▶ About this exercise: Transcribe all the data below exactly, leaving its pictures out.

-- Stored data follows --

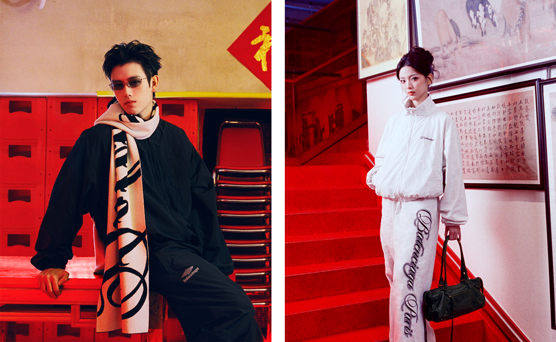 BALENCIAGA 这次新春成衣系列非常实穿,从运动套装、 T-Shirt、连帽衫、围巾及全新 Arena 皮革包款,搭配超大手写体印花与刺绣标识,细节呼应节日氛围。经典鞋履 Hamptons 与 Track 以全新配色亮相,红色水钻爱心与幸运马蹄铁包饰,更为造型注入春节开运巧思,展现传统与潮流的趣味交融。
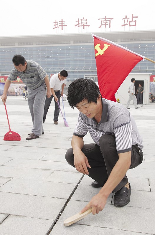6月25日上午,為慶祝中國共產(chǎn)黨建黨90周年暨京滬高鐵開通,蚌投集團(tuán)黨委組織集團(tuán)本部及所屬19個(gè)子公司共計(jì)198名黨員去高鐵蚌埠南站義務(wù)勞動(dòng),清理南站廣場(chǎng)建筑垃圾并清掃地面,為高鐵通車做出一個(gè)黨員力所能及的貢獻(xiàn)。
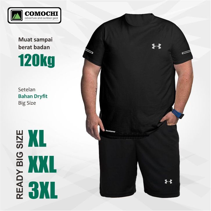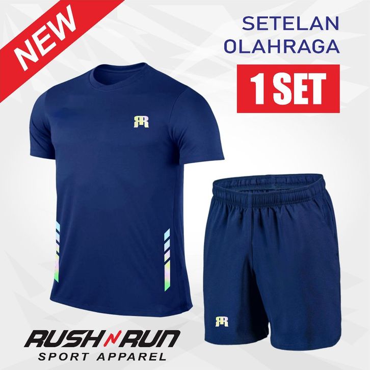 Setelan Olahraga Pria Jumbo Baju Kaos Drifit Dry Fit Pria Wanita Warna Navy 1 Set Atasan Dan Bawahan Celana Sport XXXL
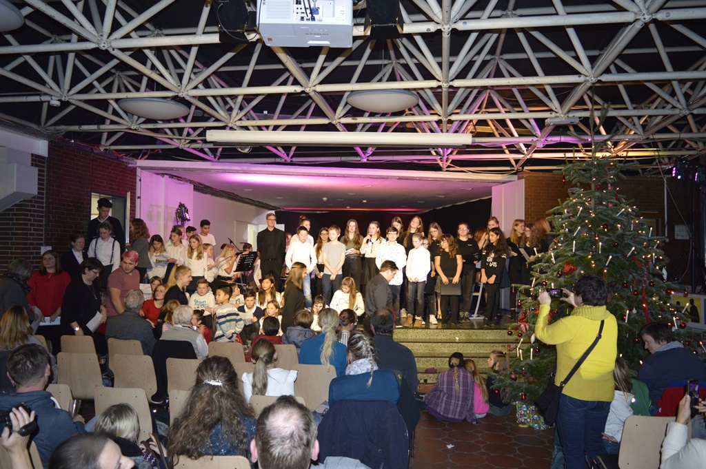 Im zweiten Teil des Abends präsentierte das Schulorchester, nun unter der Leitung von Evelyn Winnekens, den mitreißenden James-Bond-Titel „Skyfall“ sowie ein beschwingtes Swing-Medley aus amerikanischen Weihnachtsliedern. Der Schulchor, dirigiert von Berit Lobach, sorgte mit besinnlichen Stücken wie „Mary Did You Know“ für einen stimmungsvollen Abschluss des Abends. Zum krönenden Finale musizierten alle Ensembles gemeinsam mit dem Publikum das Lied „O Tannenbaum“, was allen Besuchern einen weihnachtlichen Ohrwurm mit auf den Heimweg gab.

-- Stored data concluded --

▶ Solution to this problem:
 BALENCIAGA 这次新春成衣系列非常实穿,从运动套装、 T-Shirt、连帽衫、围巾及全新 Arena 皮革包款,搭配超大手写体印花与刺绣标识,细节呼应节日氛围。经典鞋履 Hamptons 与 Track 以全新配色亮相,红色水钻爱心与幸运马蹄铁包饰,更为造型注入春节开运巧思,展现传统与潮流的趣味交融。
6月25日上午,為慶祝中國共產(chǎn)黨建黨90周年暨京滬高鐵開通,蚌投集團(tuán)黨委組織集團(tuán)本部及所屬19個(gè)子公司共計(jì)198名黨員去高鐵蚌埠南站義務(wù)勞動(dòng),清理南站廣場(chǎng)建筑垃圾并清掃地面,為高鐵通車做出一個(gè)黨員力所能及的貢獻(xiàn)。
 Setelan Olahraga Pria Jumbo Baju Kaos Drifit Dry Fit Pria Wanita Warna Navy 1 Set Atasan Dan Bawahan Celana Sport XXXL
 Im zweiten Teil des Abends präsentierte das Schulorchester, nun unter der Leitung von Evelyn Winnekens, den mitreißenden James-Bond-Titel „Skyfall“ sowie ein beschwingtes Swing-Medley aus amerikanischen Weihnachtsliedern. Der Schulchor, dirigiert von Berit Lobach, sorgte mit besinnlichen Stücken wie „Mary Did You Know“ für einen stimmungsvollen Abschluss des Abends. Zum krönenden Finale musizierten alle Ensembles gemeinsam mit dem Publikum das Lied „O Tannenbaum“, was allen Besuchern einen weihnachtlichen Ohrwurm mit auf den Heimweg gab.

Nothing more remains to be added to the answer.